A marriage begins with a dream. At first it is a dream that is a secret between just two people, two souls who have found each other.
Gradually, other people get to know about the dream and to hear about the wedding. But, for a long time, it’s a concept: something real and yet still unreal. A vague intention made up of a range of possible dates, a mish-mash of what-ifs and maybes as plans take place, swirl around, disappear and finally take shape.
To let the dream take breath requires a lot of this conjecturising, conceptualising, thinking and planning. For us, we’ve already spent more than a year thinking about what we want our wedding to look, taste and feel like.
Finally, after walking a long path that sometimes took us into cul-de-sacs and alleyways, we knew the date and venue we wanted. From that choice, we knew how many people we could invite to the ceremony and who they would be. And we knew what we would wear and eat.
Over the past few weeks we’ve been making these dreams and plans become real.
Suits and dresses have been bought for both our soul wedding and the legal registry office ceremony that takes place the day before. Our venue – The White Horse Inn in our home town of Moretonhampstead – has been booked and the menu agreed. We’ve talked to our celebrant, the humanist Alison Orchard, about the shape and words that should be used in our ceremony and are now making the final few amends. We have booked a choir – Sine Nomine (part of Counterpoint) – to perform madrigals and sacred music.

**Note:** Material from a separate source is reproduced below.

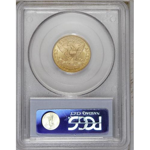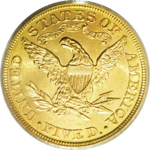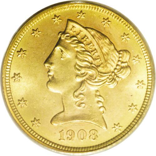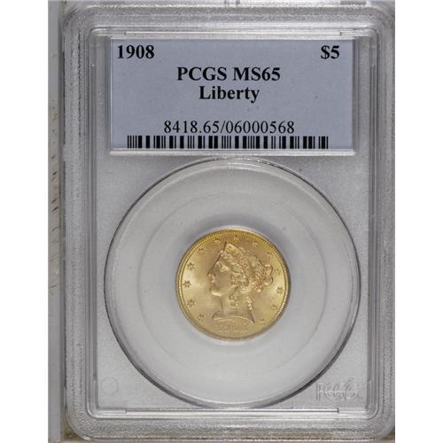 <B>1908<$5> MS65 PCGS.</B></I> This is a well balanced Gem that is boldly struck, highly lustrous, and free of significant distractions. 1908 was the final year of issue for the long-lived Liberty half eagle series. This is a common date in lower Mint State grades, becoming scarce at the Gem level of preservation.

And we have chosen the music that the choir will sing during the ceremony and that will be on our iPod for the reception and party that follows. We’ve asked Katy Marchant of the Daughters of Elvin to provide some early music for our party and to accompany our labyrinth walk.
Did we mention our labyrinth walk? A labyrinth is not a maze. It is a spiral pattern that has just one pathway leading through it. So, as you follow the path, your mind is freed to imagine, to meditate and to soar. Our labyrinth will be formed from white stones donated by The Birmingham Bead Shop and built in the garden of Ann Casson, Deacon of St. Andrews, the 15th Century church that sits at the top of our street. As part of our wedding celebrations, we’ll be leading our guests through the labyrinth before our afternoon party begins.

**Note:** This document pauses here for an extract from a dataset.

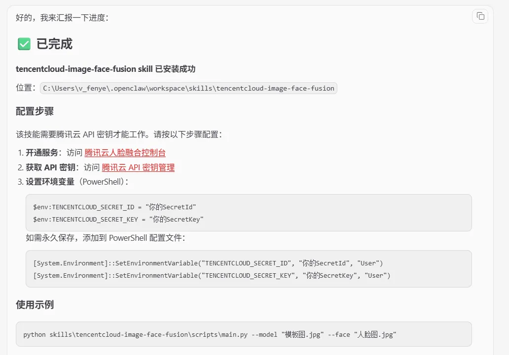 “帮我通过clawhub安装tencentcloud-image-face-fusion这个skill”

Now, with less than six weeks to go, all the thoughts, plans and dreams of the past year and more are being made increasingly real with each passing day – especially as the responses to our invitation arrive through the post each morning.
The hours of thought, fine-tuning, changing this tone or that picture that went into the invitation have all been worthwhile. After all, for each person who received one , their invitation represented the first part of our wedding ceremony. They are already part of the day that is coming – but our invitation was the first step on the journey that they will travel with us on our way to our wedding.
We talked to our printer – Formatrix – very carefully about the type of material on which the invitation would be printed. We wanted people to take it from the envelope and feel love beneath their fingers.
We created a whole range of inserts – from a simple announcement of the details of the ceremony to a card that enabled our guests to indicate their choice of menu.
This week, we booked our honeymoon villa – set into a cliff on the Amalfi Coast in Italy – and booked our flights.
There’ll be more to do over the coming weeks, of course, but now the dream – at last – is tangible and taking solid form. And it is beautiful to behold.